Hey there! No worries—handling the OrderedDict returned by pandas when reading multi-sheet Excel files is actually super straightforward. Let me walk you through exactly how to access your data, extract rows/columns, and get individual values.

Step 1: Understand the Structure First

When you use pd.read_excel('your_file.xlsx', sheet_name=None), pandas returns an OrderedDict where:

  • The keys are the names of your Excel worksheets (preserving the same order they appear in the file)
  • The values are full pandas DataFrame objects for each sheet.

This means you don’t need any special handling for the OrderedDict itself—treat it like a regular dictionary, with the added benefit of keeping sheet order intact.

Step 2: Access Your Worksheets

You can grab a specific sheet directly by name, or loop through all sheets to process them one by one:

Grab a single sheet directly

import pandas as pd

# Read all sheets into an OrderedDict
sheet_dict = pd.read_excel('your_data.xlsx', sheet_name=None)

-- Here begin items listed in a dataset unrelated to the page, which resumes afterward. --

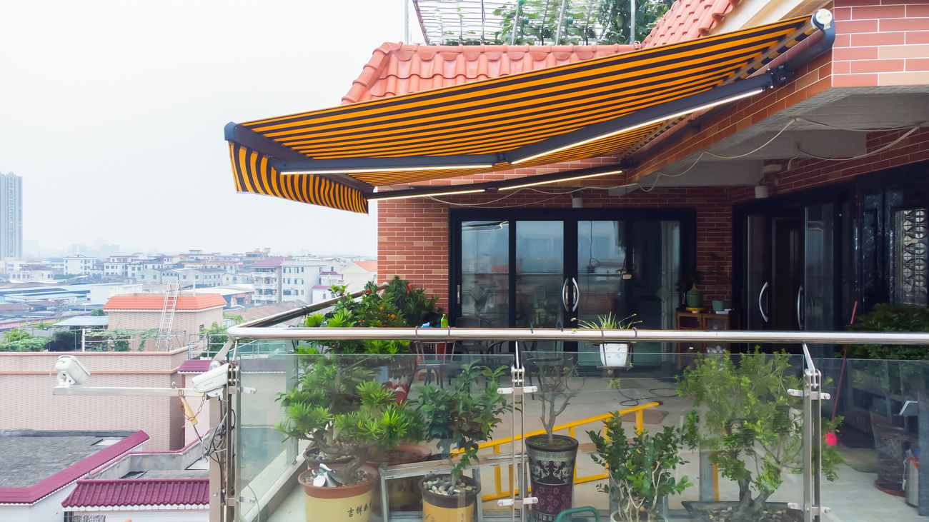 全罩亮式设计的曲臂遮阳篷
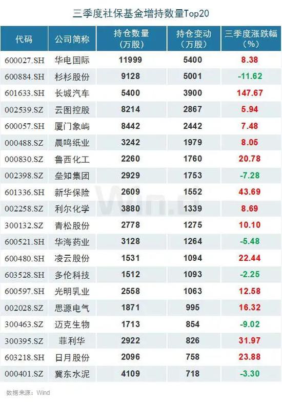 三季报显示,截至10月29日,已公布三季报的个股中,共有337只个股获社保基金持仓,新进持股96只,79只个股获得增持,其中华电国际、杉杉股份、长城汽车增持数量居前,分别达5400万股、5001万股、3900万股;此外长城汽车、云图控股、厦门象屿、晨鸣纸业、鲁西化工、垒知集团、新华保险、利尔化学、青松股份、华海药业、凌云股份、多伦科技、光明乳业等13只个股增持数量均超千万股。
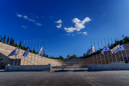 Historic Panathenaic Stadium in Athens, lined with Greek flags and marble stands beneath a vibrant blue sky.
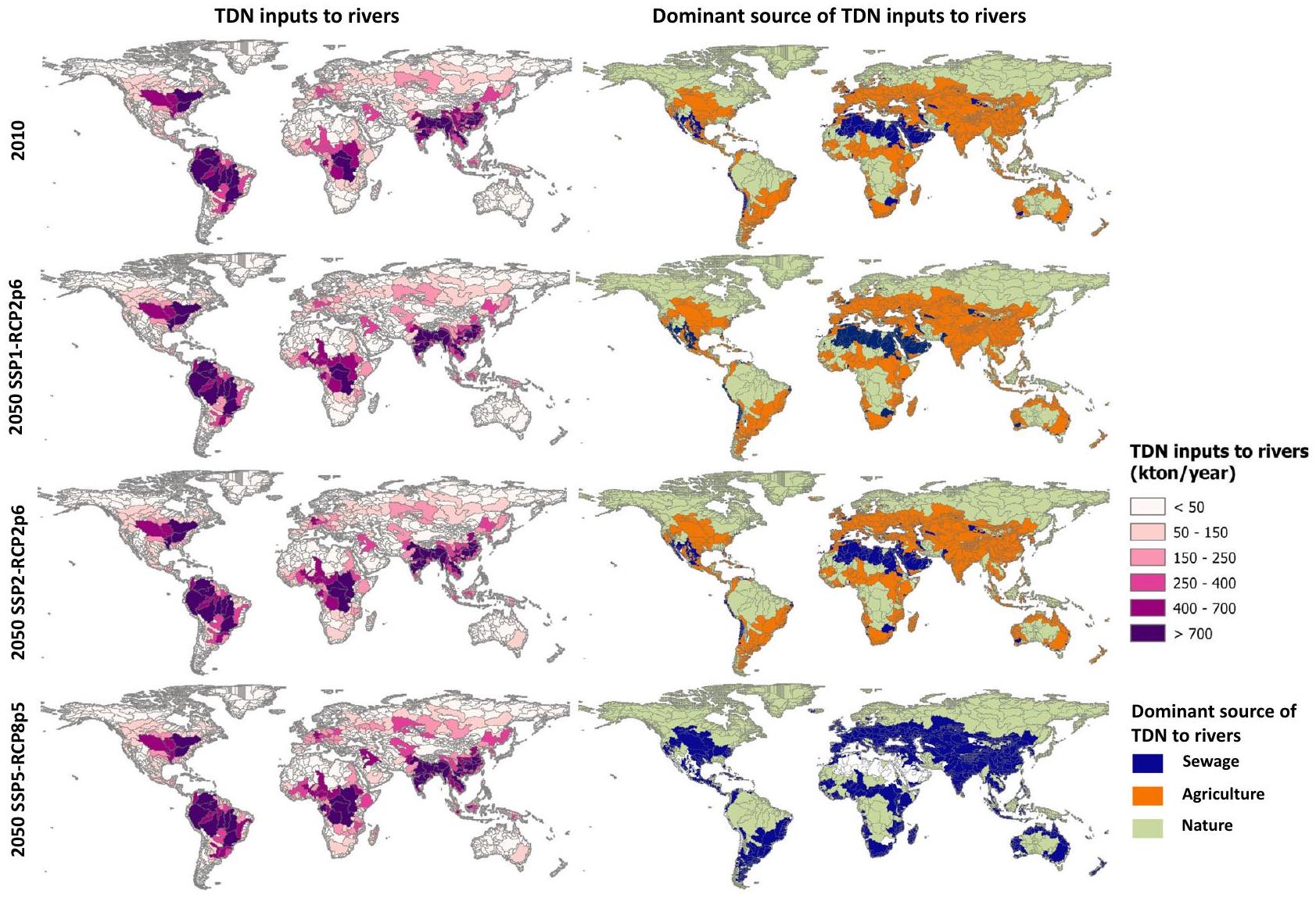 تحسنت إلى مستويات عالية، حيث إن الإنتاج الغذائي العالي في الصين والهند وأوروبا وأمريكا الشمالية (مثل نهر المسيسيبي) المدفوع بطلب الغذاء لا يزال يؤدي إلى فائض عالٍ من النيتروجين في الزراعة (الشكل التوضيحي التكميلي S20 في الملحق). في سيناريو SSP5، يتم دفع التلوث عالميًا بشكل رئيسي بواسطة مياه الصرف كما هو موضح أعلاه بسبب التحضر العالمي وعدم كفاية تطوير معالجة مياه الصرف. لا يزال ترسيب النيتروجين في الغلاف الجوي وثباته على الأراضي الطبيعية المصدر الرئيسي لإدخالات TDN إلى الأنهار في أمريكا الجنوبية ووسط أفريقيا في المستقبل، بينما يصبح فائض النيتروجين الزراعي أكثر أهمية بشكل متزايد في سيناريو SSP5 (الشكل التوضيحي التكميلي S20 في الملحق).

# Get the DataFrame for the "SalesData" sheet
sales_df = sheet_dict["SalesData"]

Loop through all sheets

If you need to process every sheet in the file, use the items() method to iterate over sheet names and their corresponding DataFrames:

for sheet_name, df in sheet_dict.items():
    print(f"Now processing sheet: {sheet_name}")
    # Add your data processing logic here
Step 3: Extract Rows, Columns, and Values

Once you have a DataFrame (like sales_df above), use standard pandas methods to pull out the data you need:

Extract a column

Use either the column name (most common) or positional index:

# By column name
customer_names = sales_df["CustomerName"]

# By position (e.g., 2nd column, 0-indexed)
second_column = sales_df.iloc[:, 1]

Extract a row

Use the row index name (if your rows have labels) or positional index:

# By row index name
january_sales = sales_df.loc["Jan-2024"]

# By position (e.g., 5th row)
fifth_row = sales_df.iloc[4, :]

Extract a single value

Target a specific cell using either labels or positions:

# By row and column labels
jan_customer_sales = sales_df.loc["Jan-2024", "TotalSales"]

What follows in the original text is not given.